Question 1

Basenji vs Basset: which is better for variant scoring?

Accepted Answer

Basenji is the recommended successor, as it supports quantitative regression and longer sequences for more accurate variant impact assessment. However, Basset might suffice for simpler binary classification tasks on smaller datasets.

Question 2

How to train a Basenji model on custom genomic data?

Accepted Answer

First, preprocess your data using scripts like basenji_hdf5_single.py to convert it to HDF5 format. Then, use basenji_train.py for training, but be prepared to handle incomplete tutorials and potential setup challenges.

Question 3

Can Basenji predict the effects of SNPs on gene expression?

Accepted Answer

Yes, Basenji can compute SNP Activity Difference (SAD) and Expression Difference (SED) scores to assess variant influence on regulatory activity and gene expression, as detailed in the variants analysis documentation.

Question 4

What are the system requirements for running Basenji?

Accepted Answer

Basenji requires Python3, TensorFlow (1.15 or 2), and scientific computing dependencies like NumPy.

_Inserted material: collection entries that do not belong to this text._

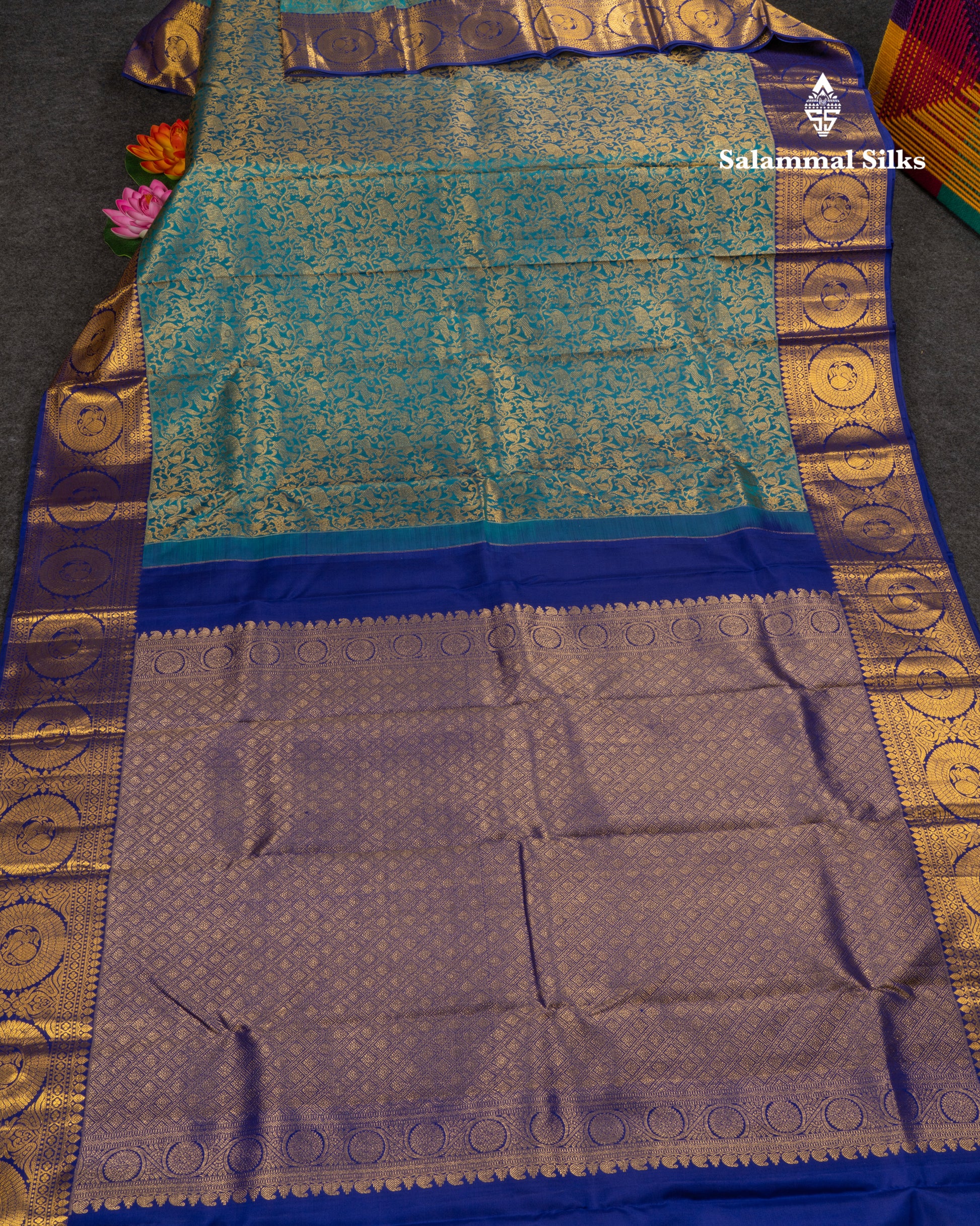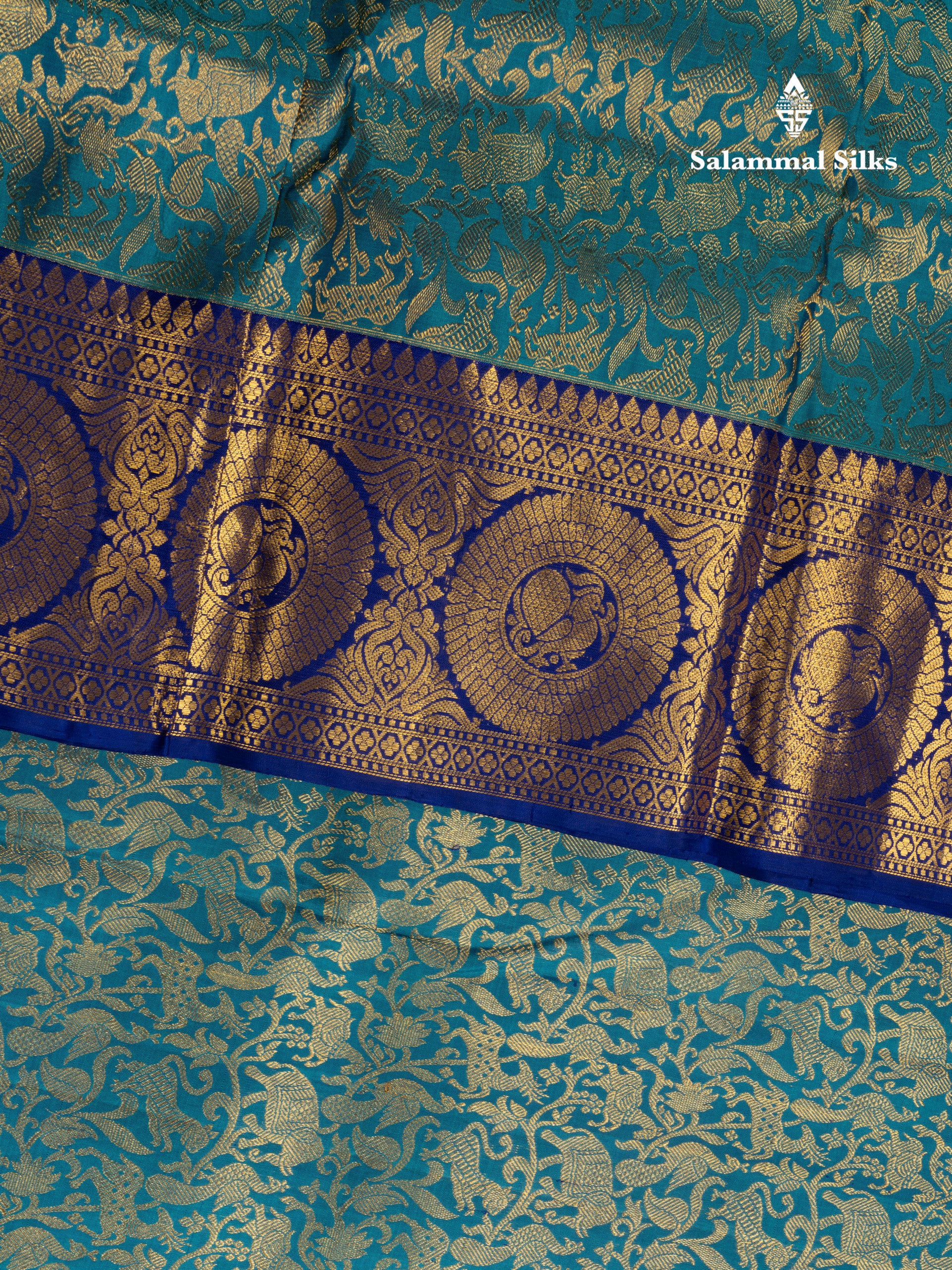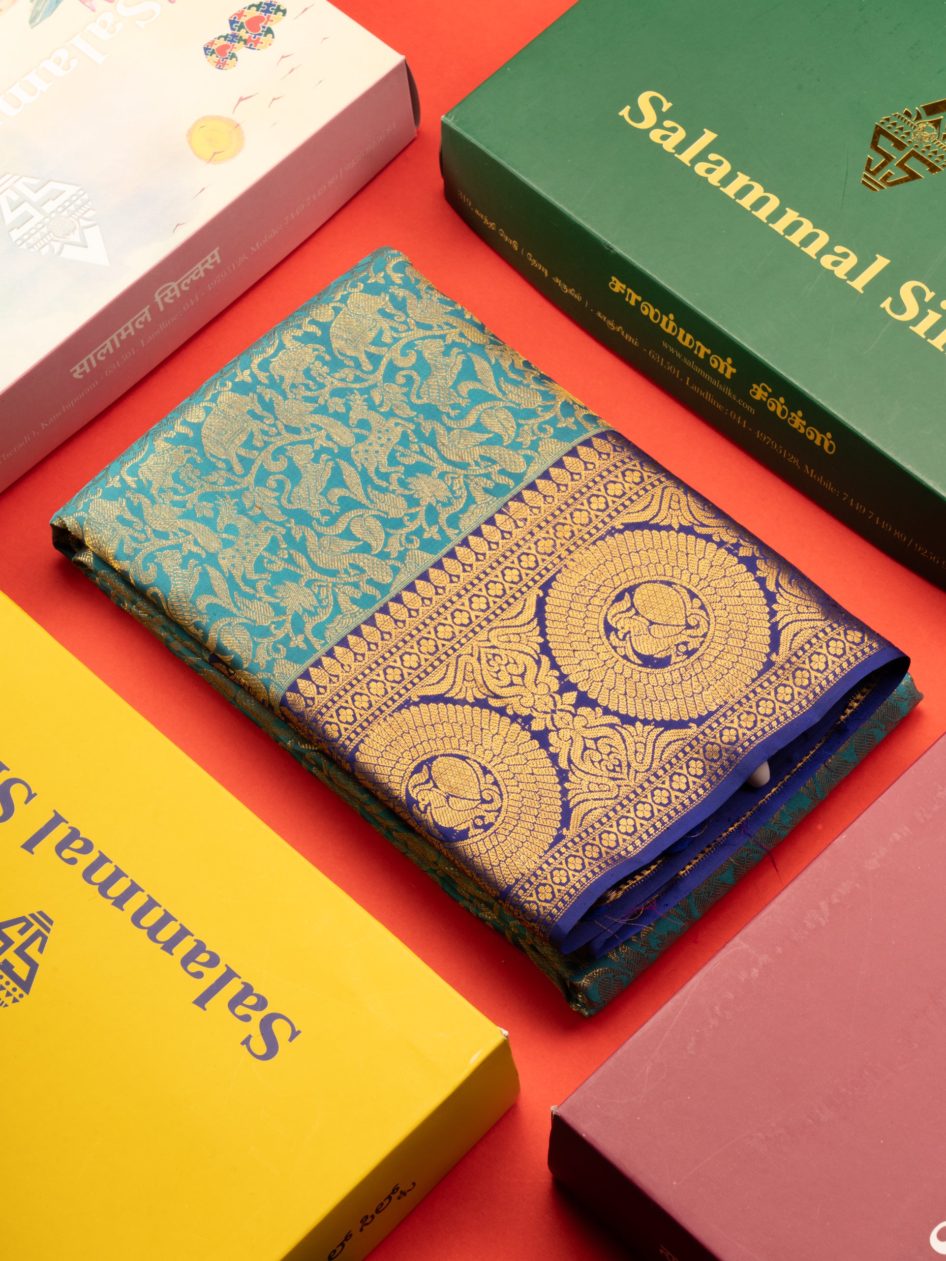 Salammal is known for its handloom sarees. In some sarees, there is cross-weaving between the body and the pallu, which is a sign of pure handloom sarees. This can be seen in Kanchipuram embossed sarees.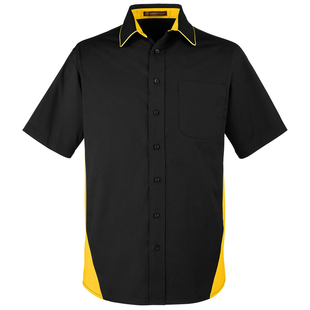 Enjoy a company logo on the Harriton Men's Black/Sunray Yellow Tall Flash Colorblock Short Sleeve Shirt to create employee apparel that can be worn as is or dressed up as corporate apparel as well. The short sleeve button up shirt is made of a cotton polyester twill blend with wrinkle resistance and stain release for day to day wear. Contrast details in all the right places create a unique look in this shirt that is available in tall sizes to find a proper fit for all. Ideal as employee gifts with a custom logo or to share with family and friends this shirt works well for many wardrobes.Highlights
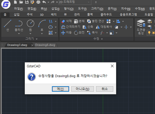저장되지 않았다면 아래와 같이 도면 저장을 묻는 창이 뜹니다. 해당 기능은 탭을 오른쪽 마우스로 클릭하여 실행할 수도 있습니다. 기타 문의하실 사항이 있다면 (주)모두솔루션 기술지원부로 연락 주시기 바랍니다. Tel : 02-857-0976 / Mail : support@modoosol.com 감사합니다. |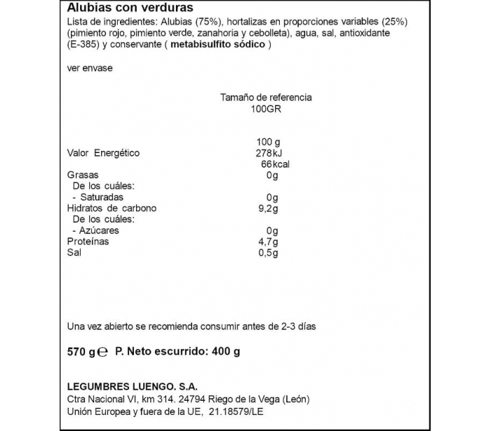 ALUBIAS CON VERDURAS LUENGO 400 GR.FRASCO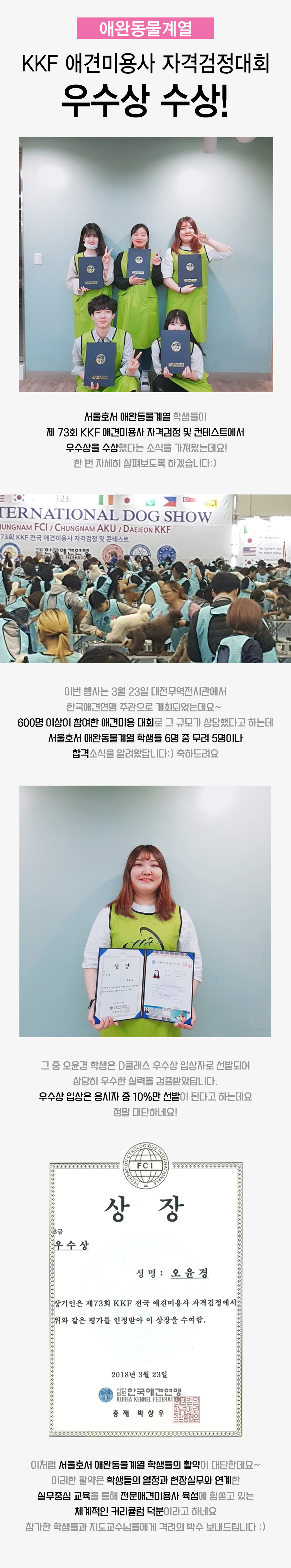 서울호서 애완동물계열 학생들이 제73회 KKF 애견미용사 자격검정 및 컨테스트에서 우수상을 수상했다는 소식을 가져왔는데요!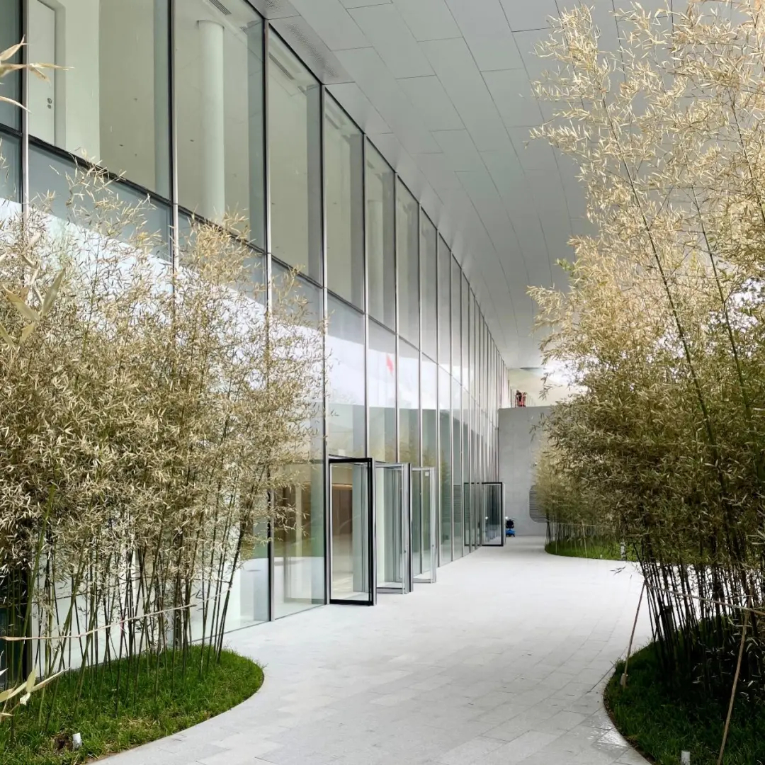 順應(yīng)國家雙碳理念,對高能耗會議建筑實現(xiàn)綠色低碳,實現(xiàn)綠建三星設(shè)計標準。對可再生能源進行復(fù)合系統(tǒng)的使用,采用地源熱泵+空氣源熱泵的復(fù)合能源方案,實現(xiàn)建筑運行的高效節(jié)能。多維度的節(jié)能措施降低傳熱系數(shù),實現(xiàn)被動節(jié)能減碳。場地海綿技術(shù)措施的全面利用,增強吸水、蓄水、凈水、釋水的能力,減少雨水排放量。完美詮釋“森林中的會議中心”的理念,保留場地內(nèi)古樹,承載歷史古韻,演繹自然新生。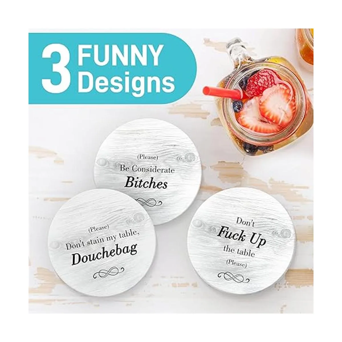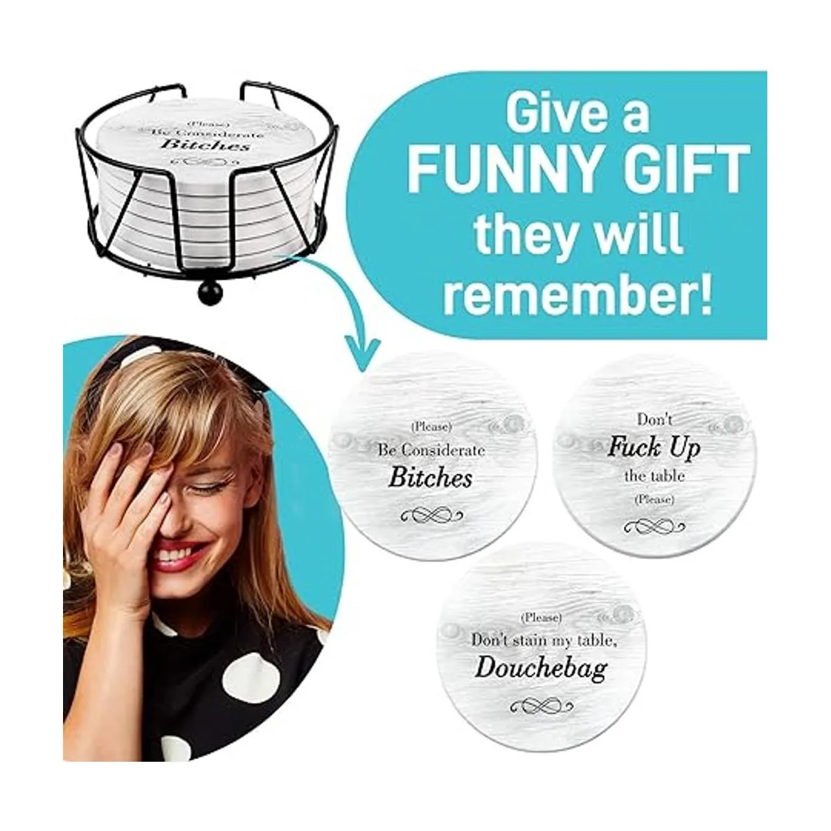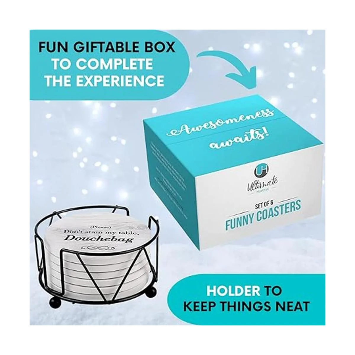 Posavasos divertidos para bebidas absorbentes con soporte, 6 piezas, juego de regalo novedoso, 3 diferentes leyendas regalo único para amigos, hombres, mujeres, inauguración de la casa, cumpleaños, elefante blanco, o fiesta de vacaciones.

It's optimized for GPUs and distributed computing, so high-performance hardware is recommended for training large models.

Question 5

How does Akita integrate with Basenji for 3D genome predictions?

Accepted Answer

Akita is part of the Basenji toolkit and uses similar deep convolutional networks to predict 2D contact maps from DNA sequences, enabling variant scoring and nucleotide annotation specific to genome folding architecture.

Question 6

Is there pre-trained models available in Basenji?

Accepted Answer

Yes, the manuscripts directory contains models and data from various studies, but availability is limited to specific research contexts, and you may need to train custom models for new organisms or datasets.

Question 7

How to interpret Basenji's SAD scores for genetic variants?

Accepted Answer

SAD scores measure the SNP Activity Difference, indicating how much a variant changes regulatory activity. Higher absolute values suggest greater functional impact, and results should be validated with biological experiments as per the documentation.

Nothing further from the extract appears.